8/10
When The" Little Lady" is The Brains of The House
13 January 2016
This somewhat black comedy is from the pen of Ben Hecht and may remind you a bit of his classic NOTHING SACRED although it's more in the tone of the Hepburn & Tracy films. Lucille Ball stars as a newlywed, newly retired from a successful career writing ad copy but now "just married" to her former co-worker Franchot Tone. Trouble is Tone was never quite the "ad man" his wife was and is hell bent to prove his worth to the company. When an eccentric scientist friend of his invents a new embalming fluid (to turn corpses into permanent glass statues!) he mentions as a side note, it can also be used for an "instant shave" on facial hair. Tone sees this use as his ticket to success and fortune and promotes it in a big time product premiere inviting dignities and the famous (including actor Larry Parks in a cameo as himself) to try the product. They all rave about it but the trouble is that it GROWS hair thicker and worse than before within 24 hours. The day after is a major fiasco for the corporation but it's Lucy to the rescue as she cleverly points out this "new" turn is perhaps an even bigger market - selling it to men bald or with thinning hair - and a new campaign starts much to her husband's irritation. (This particular plot twist the viewer can see miles away given supporting actor Edward Everett Horton is fitted with a very phony looking skull cap to play bald for the first several reels. You can see the edges lines of it on the small screen, can't imagine how obvious it was on the big screen). Determined to be back in the driver's seat, Franchot plots more behind the scene maneuvers which ends up having him on trial for the presumed murder of the professor.

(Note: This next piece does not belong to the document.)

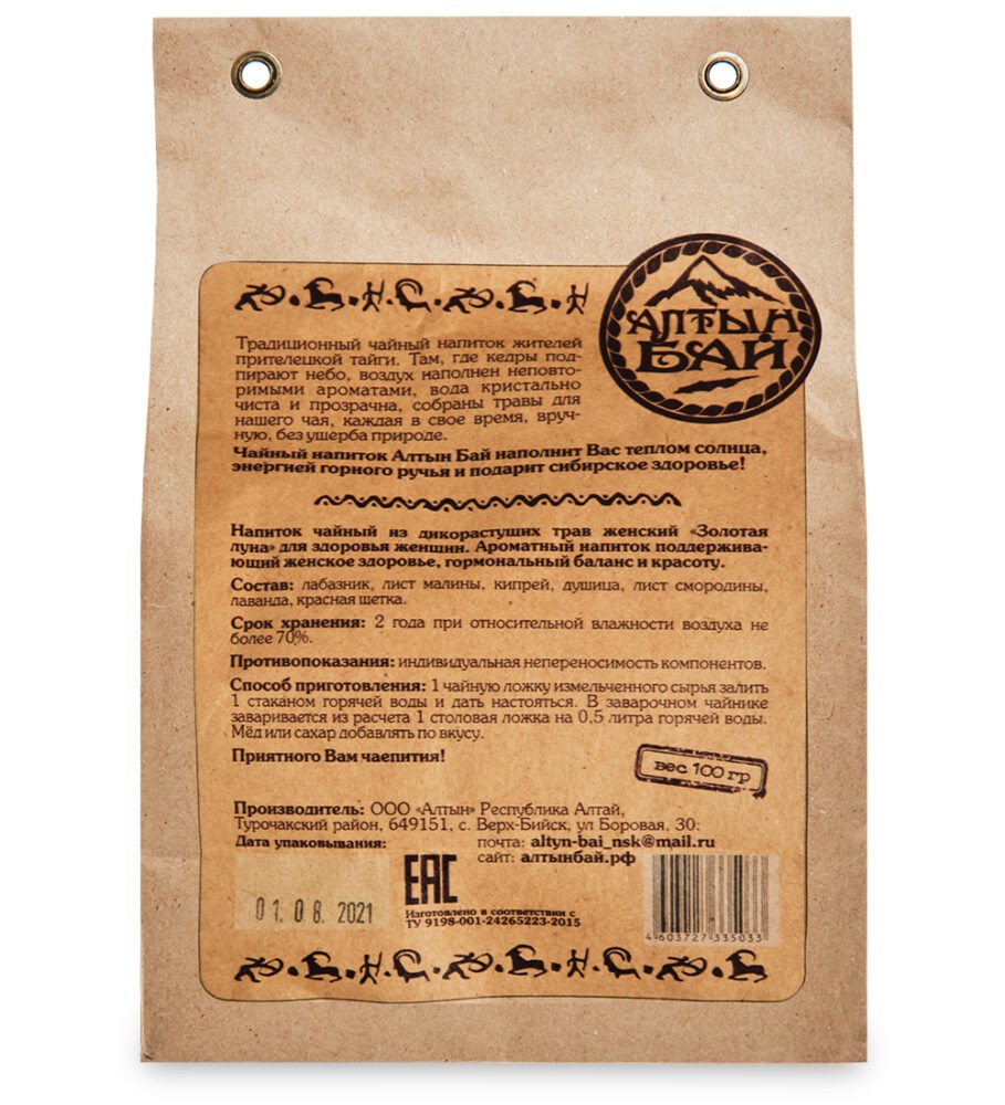 Напиток чайный из дикорастущих трав ЗОЛОТАЯ ЛУНА для женского здоровья, крафт 100 гр.;

The comedy is hit and miss but Lucy is always excellent and she looks a vision in some very attractive fashions. Tone is over the top at times but does well, the trouble is the brazen sexism of his character is more than a little unpleasant to latter-day viewers and likely to more than a few 1940's ones as well. There's also delicious irony with the movie's theme that Lucy is far more talented than he as "ad man" as the movie starts off with Tone twiddling with lots of unfunny shtick as he plots out his newest ad copy while that goes on for several minutes but Lucy merely raises her eyebrow in sleepy exhaustion as is far funnier showing - to no surprise of course - she's also his superior as a comic and an actor. Among the supporting cast Columbia character contractee Nana Bryant stands out as a socialite who can't help but take a discreet dip in the miracle product during it's premiere to rid herself of a touch of facial hair and lives to regret it.